Ungkap Kasus Pencurian Motor dan HP di Bathin Solapan, Dua Orang Diamankan Polisi

BENGKALIS – Tim Resmob 125 Satreskrim Polres Bengkalis bersama Tim Opsnal Polsek Mandau berhasil mengungkap dugaan tindak pidana pencurian dan/atau penadahan satu unit sepeda motor serta satu unit telepon genggam di wilayah Kecamatan Bathin Solapan, Kabupaten Bengkalis.

Dalam pengungkapan tersebut, polisi mengamankan dua orang laki-laki yang diduga terlibat dalam perkara tersebut, masing-masing berinisial RH (44) dan P (32).

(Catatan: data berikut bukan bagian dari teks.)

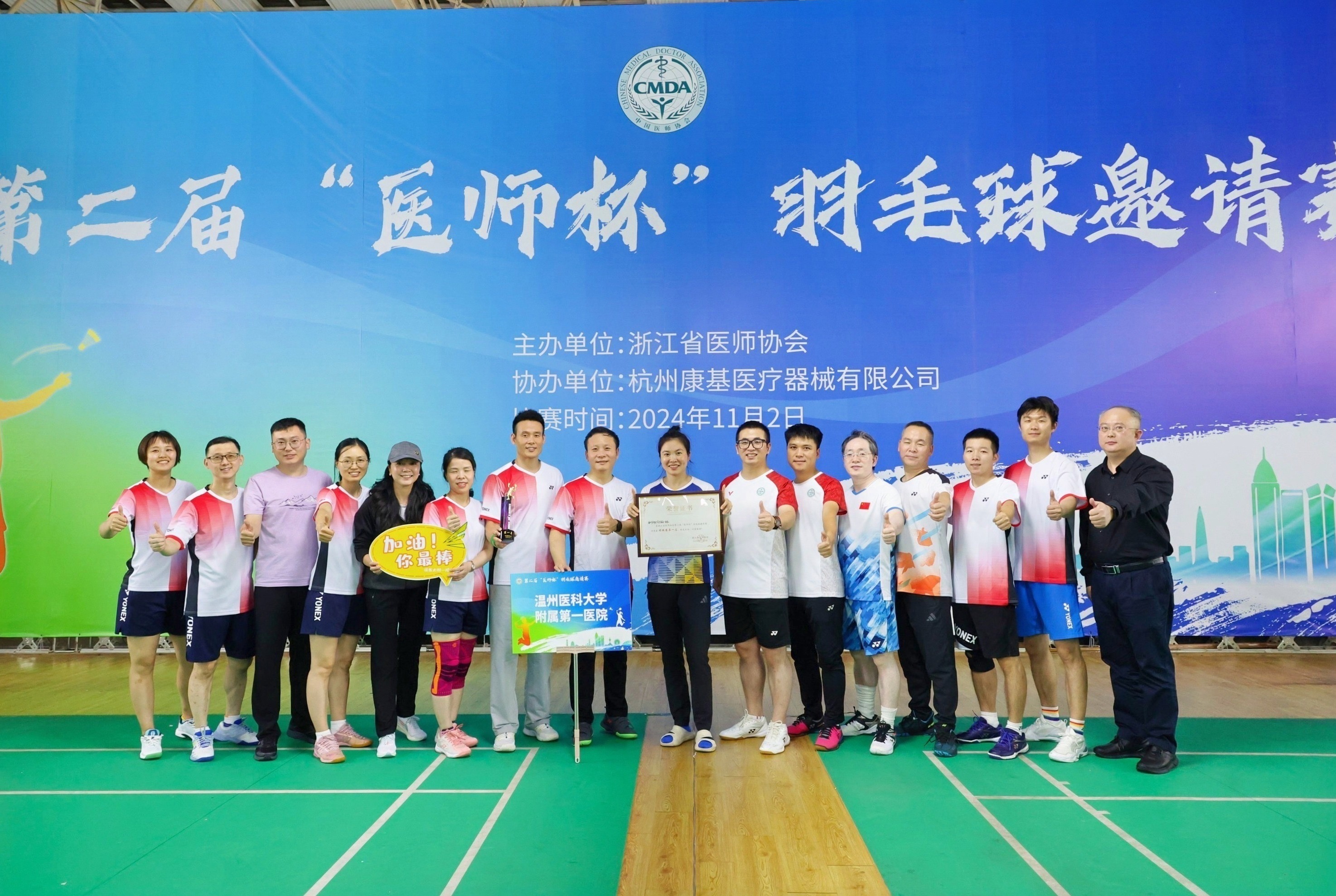 11月2日,由浙江省医师协会主办的“医师杯”羽毛球邀请赛在温州举行,来自省内各大医院,包括浙大一院、浙大二院、邵逸夫医院、省人民医院、温医大附二院与我院在内的10家单位组队参赛。经过激烈的赛事角逐,我院再次蝉联“医师杯”羽毛球邀请赛团体冠军,同时荣获最佳组织奖。

Keduanya diamankan di wilayah Kecamatan Bathin Solapan pada Kamis, 10 September 2026 sekitar pukul 01.00 WIB.

Kapolres Bengkalis AKBP Fahrian Saleh Siregar, S.I.K., M.Si., melalui Kasatreskrim Polres Bengkalis AKP Yohn Mabel, S.Tr.K., S.I.K., mengatakan pengungkapan kasus tersebut berawal dari laporan masyarakat terkait hilangnya satu unit sepeda motor Honda Beat Sporty dan satu unit telepon genggam.

Peristiwa pencurian terjadi pada Selasa, 25 Agustus 2026 sekitar pukul 14.30 WIB di Jalan Gereja Kulim Km 10, Desa Air Kulim, Kecamatan Bathin Solapan, Kabupaten Bengkalis.

Saat kejadian, korban meminta anaknya mengantarkan sepeda motor ke tempat pencucian. Namun, dalam perjalanan, anak korban diberhentikan oleh pelaku yang kemudian meminta diantarkan ke suatu tempat.

Dalam perjalanan, pelaku diduga memaksa mengambil alih kendali sepeda motor dan meminta anak korban turun. Pelaku kemudian membawa sepeda motor tersebut dan melarikan diri. Selain sepeda motor, satu unit HP Oppo A3X warna biru yang berada di jok sepeda motor turut dibawa.

“Berdasarkan laporan dan rekaman CCTV di sekitar lokasi kejadian, tim melakukan penyelidikan hingga berhasil mengidentifikasi terduga pelaku,” ujar AKP Yohn Mabel.

Dari hasil penyelidikan, tim kemudian mendatangi rumah RH di Jalan Tegal Sari, Desa Pematang Obo, Kecamatan Bathin Solapan. RH berhasil diamankan bersama satu helai baju yang diduga digunakan saat melakukan pencurian.

Dari hasil pemeriksaan awal, RH mengakui telah melakukan pencurian sepeda motor dan HP tersebut. Barang hasil curian kemudian dijual kepada P dengan harga Rp1 juta.

Polisi selanjutnya melakukan pengembangan dan berhasil mengamankan P di kediamannya di Desa Air Kulim. Kepada penyidik, P mengakui telah membeli barang tersebut dan kemudian menjualnya kembali kepada seorang berinisial N yang saat ini masih dalam pencarian (DPO) dengan harga Rp2 juta.

Dalam perkara ini, polisi turut mengamankan sejumlah barang bukti, di antaranya satu lembar STNK sepeda motor Honda Beat Sporty, satu unit flashdisk USB, serta satu helai baju yang diduga digunakan saat kejadian.

Kedua terduga pelaku beserta barang bukti kemudian dibawa ke Satreskrim Polres Bengkalis untuk menjalani pemeriksaan dan proses hukum lebih lanjut.

Atas perbuatannya, para terduga pelaku diproses berdasarkan ketentuan hukum yang berlaku terkait dugaan tindak pidana pencurian dan/atau penadahan.

Kasatreskrim Polres Bengkalis menegaskan bahwa pihaknya masih melakukan pendalaman terhadap perkara tersebut, termasuk mengejar pihak lain yang diduga terlibat dalam rangkaian jual beli barang hasil kejahatan.